In a perverse way, I have to tip my cap to Heisman Pundit. He’s been taken to task in several quarters for his insistence that Florida’s win in the BCS title game is a complete validation of his “Gang of Six” theory (which in essence boils down to offensive scheme matters more in college football than anything else), including this bludgeoning by Michael Elkon that is so devastating in its thoroughness that I was almost embarrassed for HP after I read it. Almost.
Perhaps a lesser man would have slunk away, changed the subject, something. Not HP, though, who’s back with another essay on the subject – “The Spread Spreads” – in which he continues to insist that the reason Florida’s point production in Meyer’s two years in the SEC has been middling is because Meyer has deliberately chosen to hold things back:
… If the spread works, why did it only score 21 points against SEC teams? Well, I think the answer is clear: it didn’t need to score more. How long should a man’s legs be? Answer: Long enough to touch the ground.
… Going into most conference games, Meyer knew that the other team couldn’t score against his defense, so why open things up? He played the percentages.
This all ties back in to HP’s overarching theory about the SEC being a conference (with a couple of exceptions in Meyer and Spurrier) full of offensive coordinators who believe the game should still be played with leather helmets.

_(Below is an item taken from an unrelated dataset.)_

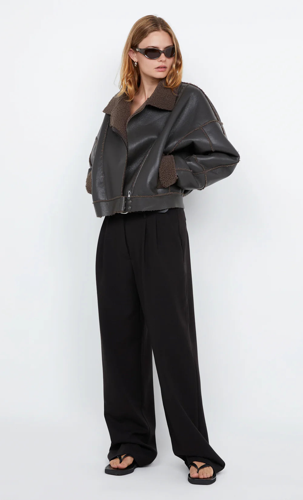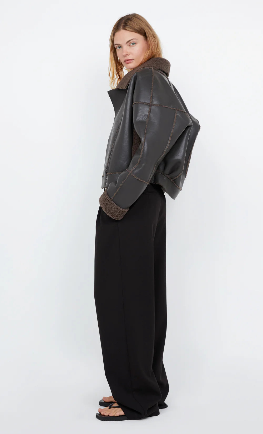 The BEC + BRIDGE Asha Bomber Jacket in Dark Chocolate is a bold outerwear piece designed to make a statement. Crafted from soft PU shearling, this jacket features raw panel seams that expose the shearling for an edgy, textured finish. The asymmetrical lapel and metal zipper closure give it a modern, rebellious vibe, while the boxy, relaxed fit offers a laid-back yet stylish silhouette. Perfect for layering, this bomber combines contemporary design with the warmth and comfort of shearling.

But – thank God! – help is on the way for the millions of souls who despair over the current state of SEC football. According to HP, the SEC is going to have no choice but to play catch up with Meyer’s exotic spread offense. Fortunately, the process has already started at LSU, where “… the issue has apparently been settled in Les Miles’ mind.”
Les Miles? Well, count me as convinced.
Never mind that LSU has outscored Florida’s offense (both in SEC and seasonal play) in the two years that Meyer has been the head coach. Or that LSU and Ohio State were both in the NCAA top 10 in scoring in 2006.
Never mind that in ’06, when Meyer had more of his players like Tebow and Harvin to run in his offense, Florida’s point production in the conference actually declined from its ’05 numbers.
Never mind that Meyer saw fit to score 42 and 62 points against the two non-conference teams on Florida’s ’06 schedule that the Gators shut out. So much for “playing the percentages”.
Never mind that HP doesn’t bother to explain why SEC coaches will respond to Meyer’s offense as he suggests, even though they apparently never responded like that to Spurrier’s introduction of the “Fun ‘n Gun” (which was an immediate scoring sensation, by the way) to the SEC seventeen years ago.
“Forget it, he’s rolling.”
Urban Meyer is a genius. Resistance is futile.